Em outro cenário avaliado pelo Ipea, a economia em dez anos, seria menor, de R$ 673 bilhões, levando em consideração no cálculo o congelamento dos salários apenas dos estatutários na União, e com uma taxa de reposição de servidores de 90% para nível superior e 50% para nível médio.

Para a retomada do crescimento econômico sustentável no Brasil após a pandemia de covid-19, serão necessárias medidas voltadas à disciplina fiscal, uma vez que a dívida pública deverá aumentar substancialmente em 2020 e manter-se em patamar elevado por algum tempo”, disse o diretor de Estudos e Políticas Macroeconômicas do Ipea, José Ronaldo Souza Jr.

De acordo com o Ipea, os gastos com pessoal são o segundo item de maior peso no Orçamento da União, respondendo por quase 22% do total das despesas primárias do governo central. No âmbito dos estados, respondem por 56,3% das despesas totais e 76,1% da receita corrente líquida.
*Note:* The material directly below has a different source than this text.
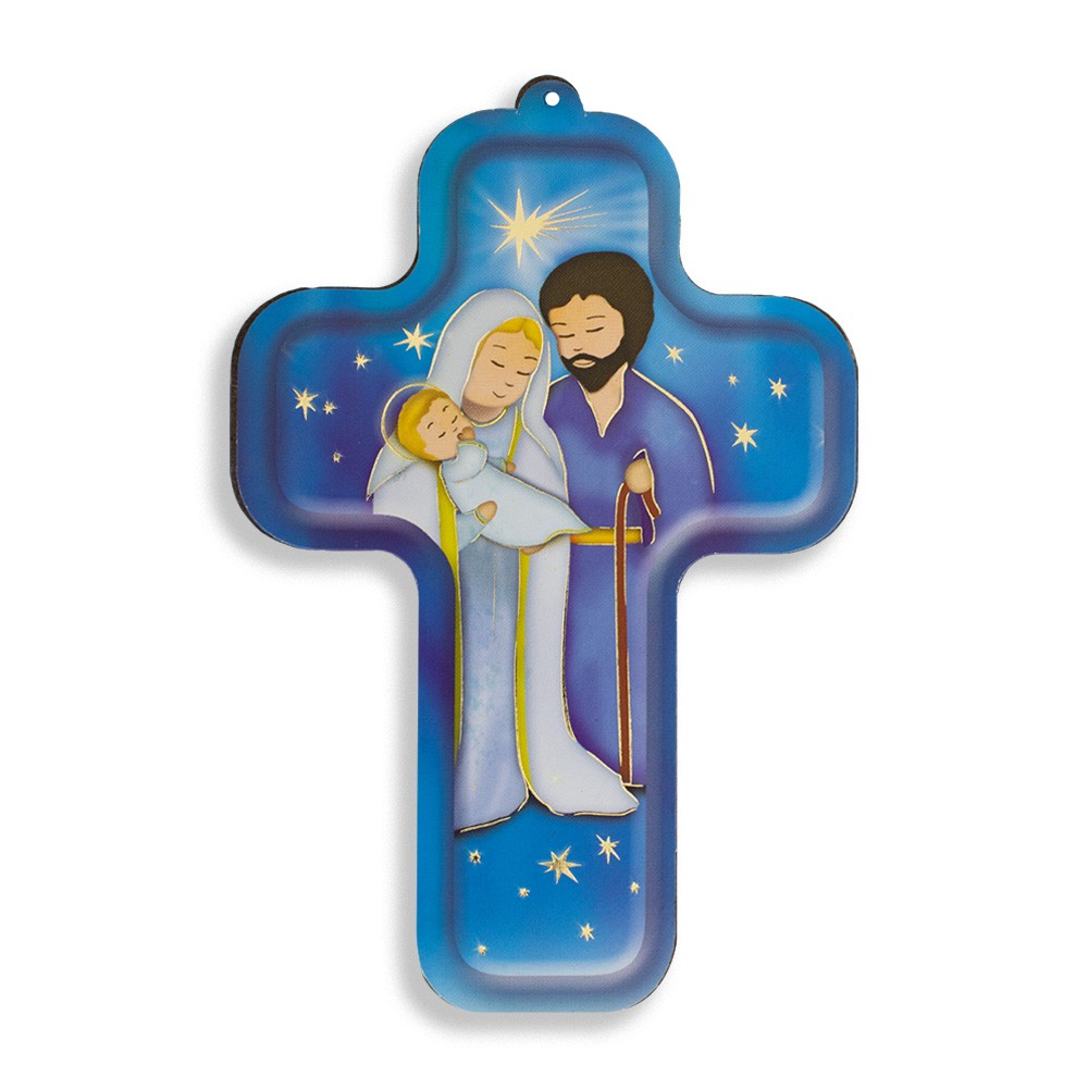 This cross is made of MDF wood with blue background and printed image of the Nativity. It also has a small hole for hanging it.

Segundo os pesquisadores, todos os cenários analisados no estudo devem ser vistos como exploratórios, pois, além de haver grande incerteza acerca da parametrização adequada dos modelos de simulação (probabilidades de aposentadoria e morte, comportamento dos indivíduos diante de mudanças de regras e políticas, entre outros), a efetivação desses cenários depende de uma série de condições econômicas, legais e políticas.